Bancos de desenvolvimento e fundos multilaterais: Fundo Financeiro para o Desenvolvimento da Bacia do Prata (FONPLATA), Fundo Internacional de Desenvolvimento Agrícola (FIDA), Corporação Financeira Internacional (CFI) e Corporação Andina de Fomento (CAF).

Impacto direto da adimplência para o país

Segundo o governo, manter as obrigações em dia garante:

• participação plena do Brasil em votações e deliberações internacionais;
• preservação de direitos de voto e poder de influência em organismos multilaterais;
• acesso a linhas de crédito, doações e assistência técnica oferecidas por bancos de desenvolvimento e agências especializadas;
• reforço da imagem do país como parceiro confiável para cooperação e desenvolvimento sustentável.
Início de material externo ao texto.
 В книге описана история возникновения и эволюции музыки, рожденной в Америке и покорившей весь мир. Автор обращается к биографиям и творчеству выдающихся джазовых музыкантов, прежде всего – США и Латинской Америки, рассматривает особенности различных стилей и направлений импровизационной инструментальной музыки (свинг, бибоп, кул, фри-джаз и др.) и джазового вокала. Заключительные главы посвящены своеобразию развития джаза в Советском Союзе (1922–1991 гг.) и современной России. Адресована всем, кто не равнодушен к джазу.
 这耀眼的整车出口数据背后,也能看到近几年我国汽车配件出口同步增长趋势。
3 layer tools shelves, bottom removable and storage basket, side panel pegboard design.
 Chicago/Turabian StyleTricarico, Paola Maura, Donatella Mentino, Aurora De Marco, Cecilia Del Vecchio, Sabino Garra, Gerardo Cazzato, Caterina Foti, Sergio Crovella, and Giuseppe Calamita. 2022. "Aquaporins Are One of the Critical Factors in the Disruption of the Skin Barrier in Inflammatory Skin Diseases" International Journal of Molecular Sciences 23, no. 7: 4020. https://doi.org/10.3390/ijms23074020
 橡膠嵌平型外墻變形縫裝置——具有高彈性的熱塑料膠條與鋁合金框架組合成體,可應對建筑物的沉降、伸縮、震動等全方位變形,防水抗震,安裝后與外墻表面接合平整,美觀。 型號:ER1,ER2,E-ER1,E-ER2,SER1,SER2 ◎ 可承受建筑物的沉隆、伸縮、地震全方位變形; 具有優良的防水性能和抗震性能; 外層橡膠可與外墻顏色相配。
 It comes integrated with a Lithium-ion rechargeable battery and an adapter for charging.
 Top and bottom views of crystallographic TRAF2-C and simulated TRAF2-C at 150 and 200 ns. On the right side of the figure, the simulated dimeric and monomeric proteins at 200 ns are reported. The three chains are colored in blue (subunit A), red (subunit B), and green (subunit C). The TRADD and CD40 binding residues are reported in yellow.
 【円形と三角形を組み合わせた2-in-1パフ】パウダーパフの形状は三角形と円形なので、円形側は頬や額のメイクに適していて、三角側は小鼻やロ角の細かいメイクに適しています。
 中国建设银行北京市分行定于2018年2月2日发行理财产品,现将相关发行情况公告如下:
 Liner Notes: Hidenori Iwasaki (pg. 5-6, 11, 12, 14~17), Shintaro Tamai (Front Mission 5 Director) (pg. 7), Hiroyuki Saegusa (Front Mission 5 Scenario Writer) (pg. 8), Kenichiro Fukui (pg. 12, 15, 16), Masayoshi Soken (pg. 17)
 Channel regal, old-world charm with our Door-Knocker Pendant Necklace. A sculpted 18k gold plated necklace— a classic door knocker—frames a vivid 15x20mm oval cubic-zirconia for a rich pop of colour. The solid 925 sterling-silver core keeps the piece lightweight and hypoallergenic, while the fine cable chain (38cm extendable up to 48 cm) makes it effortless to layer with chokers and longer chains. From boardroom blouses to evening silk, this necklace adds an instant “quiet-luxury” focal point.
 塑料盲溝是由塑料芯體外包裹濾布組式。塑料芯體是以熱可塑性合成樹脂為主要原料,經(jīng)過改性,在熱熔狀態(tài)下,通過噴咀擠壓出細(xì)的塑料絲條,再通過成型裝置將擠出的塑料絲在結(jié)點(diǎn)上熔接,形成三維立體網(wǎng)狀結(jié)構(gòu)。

A regularização dos pagamentos encerra um ciclo de pendências acumuladas em exercícios anteriores e aproxima o país de metas diplomáticas definidas pelo Itamaraty e pelo Ministério do Planejamento. Para 2026, a equipe econômica afirma que manterá o mesmo modelo de acompanhamento cambial e programação orçamentária, com o objetivo de evitar novos atrasos e garantir previsibilidade às contas públicas.